# Favorite Trainers?



## Tayla101 (Jun 9, 2012)

My favorite trainers are:
Clinton Anderson
Dan Steers and Dan James also known as Double Dan Horsemanship (look them up on youtube)
Buck Brannaman 

who are your favorite trainers?


----------



## 40232 (Jan 10, 2013)

My favorite trainers are by far the "small town" trainers, that aren't worldknown. My favortie trainer, that inspired me the most and really taught me what others couldn't was a trainer out of Hudsonville, MI named Jennifer Loan. She is now out of Florida, but she was my best traine. I like it alot better when you are learning one on one, and have the chance to get to know the trainer, and have them know your horse.

My favorite US train is Doug Payne, and eventing trainer. I love how he rides his horses, and how simple he makes it look.

And my favorite international trainer probably would be Clinton Anderson, if I had to chose since I use Parelli, CA and Stacy Westfall methods combined


----------



## GotaDunQH (Feb 13, 2011)

My favorite trainers are Bob Drake and Doug Carpenter.
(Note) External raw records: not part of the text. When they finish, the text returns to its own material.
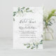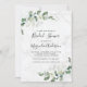 Convide amigos e família a honrarem a noiva a ser com este Chá de panela barato com folhas de cor aquática de eucalipto contra fundo de mármore.
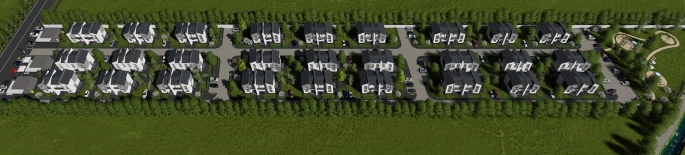 - Internal road network with pedestrian-friendly design and generous parking;
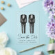Elégant et chic mariage gay enregistrer la date claire acrylique faire-part avec deux aquarelles tuxedo et "Save the Date" dans un script élégant. Ajoutez vos noms, date mariage et emplacement dans la typographie moderne.
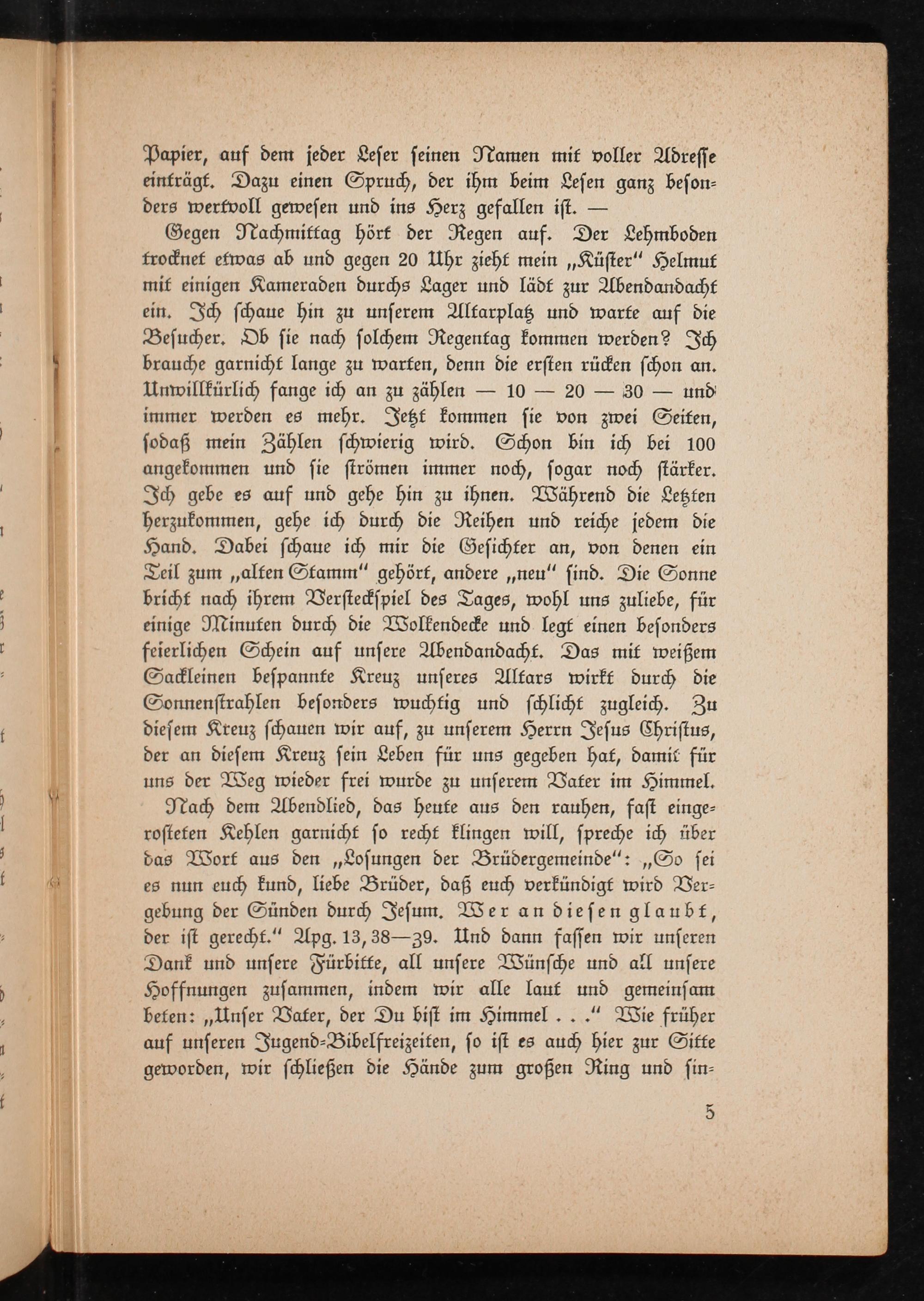 Nach dem Abendlied, das heute aus den rauhen, fast eingerosteten Kehlen garnicht so recht klingen will, spreche ich über das Wort aus den„ Losungen der Brüdergemeinde“:„ So sei es nun euch kund, liebe Brüder, daß euch verkündigt wird Vergebung der Sünden durch Jesum. Wer an diesen glaubt, der ist gerecht." Apg. 13, 38-39. Und dann fassen wir unseren Dank und unsere Fürbitte, all unsere Wünsche und all unsere Hoffnungen zusammen, indem wir alle laut und gemeinsam beten: ,, Unser Vater, der Du bist im Himmel..." Wie früher auf unseren Jugend- Bibelfreizeiten, so ist es auch hier zur Sitte geworden, wir schließen die Hände zum großen Ring und sin
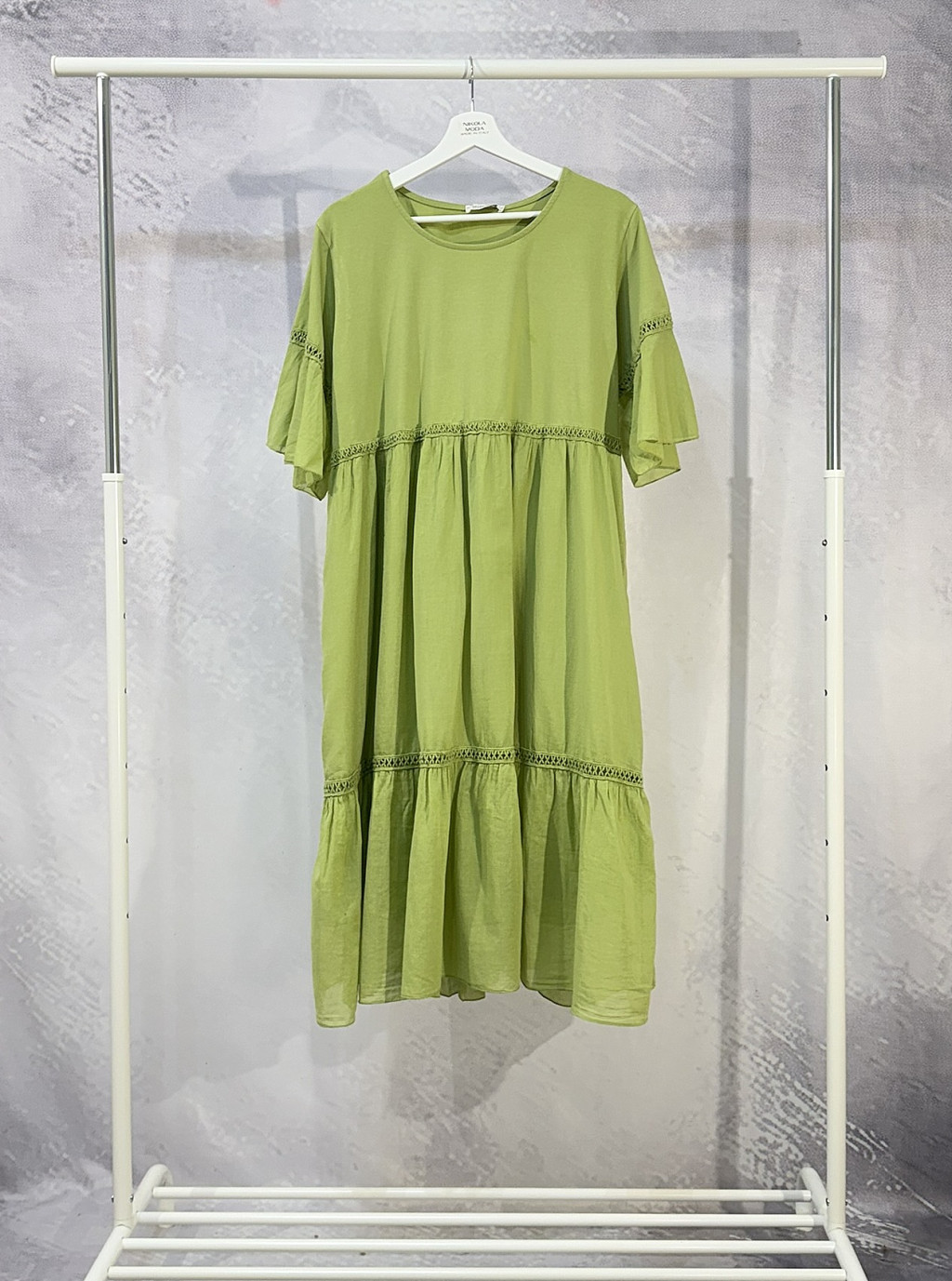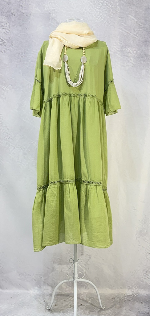 Könnyed, nőies fazonú ruha, amely tökéletes választás a melegebb napokra. A lágy esésű anyag üde, természetes megjelenést kölcsönöz, míg a fodros ujjak és a finom csipkebetétek romantikus hangulatot adnak a darabnak. Bő szabásának köszönhetően kényelmes viselet egész nap, légies kialakítása pedig elegánsan követi a mozgást. Szandállal vagy sportcipővel is könnyed, stílusos nyári szettet alkothat vele.
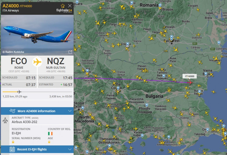 Прибытие в аэропорт столицы Казахстана запланировано на 17:45 (по времени Нур-Султана).

Both hold World titles and they actually train horses for a living, instead of standing in front of a camera talking about it.


----------



## GallopingGuitarist (Jan 8, 2013)

The 'trainers' I've learned the most from would be the old PFRA pasture riders. The one that shod our horses for our long ride, helped us break in two colts. Just plain and simple do your ground work, check out the hind quarters, forequarters... run them around with the saddle, throw someone on (this horse had been taught ground work before), and run them around the pen. If you don't canter, you're stealing a ride. The horse hasn't had a first ride until you canter them. It works, no nonsense, no lovey-dovey, no talking forever... He taught us by showing us... not by talking to us. 

The other guy lives up by my parents, I don't know him all that well, but I would love to sit down with him and talk. He has one arm, the other ends above his elbow. He rode/rides for the PFRA pasture for years. Broke in colts, roped, doctored, etc. He's stopped and talked to me when I was riding home from town (10 miles from my home) once. In just 15 minutes of surface talk, I was inspired. I am so going to sit down and talk to him sometime when I am home visiting. Also one of my old bosses was a PFRA rider for a couple years. I talked to him a couple times about training. He would give me a couple tips here and there. He seemed to have bit of a temper with cows, but he had well trained horses that weren't scared of him, so I do value his advice. 

Those are my favorite 'trainers'... Clifford, Roland, and Sam. Everyday people... everyday lives... Friends....


----------



## HorseCrazyTeen (Jul 29, 2012)

My absolute favorite trainer is my riding instructor. (She actually has a world title.) 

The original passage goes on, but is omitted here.